Катя даже сочувственно приблизилась к Кулачеву, который сидел над ящиком с обувью. Она хорошо видела, как широко наступает сухая степь во все стороны от его макушки. У нее даже возникло что-то материнское — обнять, прижать, покачать дурачка-несмышленыша.

Она сделала шаг вперед, а Кулачев резко поднялся, и они оказались почти в объятиях друг друга невольной волей движений.

Кулачев держал в руках женщину, которую знал наизусть. Он ее когда-то любил, мечтал обладать, он был на седьмом небе, когда это случилось, он знал все ее ухищрения, знал, как у нее гнется спина и как она не любит, когда он задерживается в ней хотя бы лишнюю минутку. В ней секундно возникало отвращение, и она норовила избавиться от него, оттолкнуть, вытолкнуть, отгородиться, убежать, и должно было пройти время, чтоб из насытившейся и жаждущей убийства самки вылупилась обычная женщина, которая потянется, потом поежится, потом ляжет поперек кровати и уснет крепко до самого утра.

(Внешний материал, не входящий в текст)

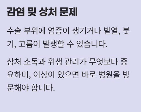 수술 부위에 염증이 생기거나 발열, 붓기, 고름이 발생할 수 있습니다. 상처 소독과 위생 관리가 무엇보다 중요하며, 이상이 있으면 바로 병원을 방문해야 합니다.

Кулачев был благодарным Живущим. Он не затаптывал свои вчерашние следы, он их, случалось, стыдился, но оставлял жить в себе. «Для вкуса жизни», — говорил он.

Сейчас впервые ему захотелось убить прошлое вместе с этой женщиной, что обвисла в его руках. Не просто не помнить, не знать прошлое, а уничтожить вместе с собой, вот был Кулачев и нету, но чтоб и ее не было тоже.

— Вот видишь, — сказала Катя, принимая дрожание его рук за чувство к себе. Она не подозревала, что обозналась в темноте коридора и не признала ненависть, а признала ту, до которой всего шаг. Но попробуй его сделать!

— Вот видишь, — сказала она, — твои руки меня хорошо помнят и хорошо держат.

Кулачев оттолкнул жену.

— Я бы тебя убил, — сказал он. — Я не знаю ничего адекватного той гнусности и пошлости, которую ты тут несла.

Он стал засовывать в пакет кеды, в которых пытался «бегать от инфаркта».

— Я ухожу совсем, — говорил он. — За вещами приеду на днях. Тогда же оставлю ключи. Я ничего не возьму и все оставляю. Условие одно: никогда больше ты не будешь делиться со мной своими соображениями. Ни о чем.

Ни обо мне. Ни о ком другом. Мне ничего не жаль, — сказал Кулачев. — Хотя час тому назад было жаль. Все! — И он хлопнул дверью.

Катя села на стул, что стоял у них в передней, и очень хотела заплакать. То есть она даже плакала где-то там, где, нализавшись, дремал в кайфе червяк, и ее внутренние слезы были ему лакомством, но Кате хотелось другого: ручья по лицу, всхлипов и стонов, чтоб захлебнуться и взвыть…

«Я ей устрою, — думала она, — я ей устрою…» И хотя главным чувством было отчаяние и горе, чувства, что там ни говори, кровей благородных, насмешливый Червь отпихнул в грудь одетых в черное аристократов. «Ты ей устрой подлянку! — сказал он ей. — Ты ей устрой!»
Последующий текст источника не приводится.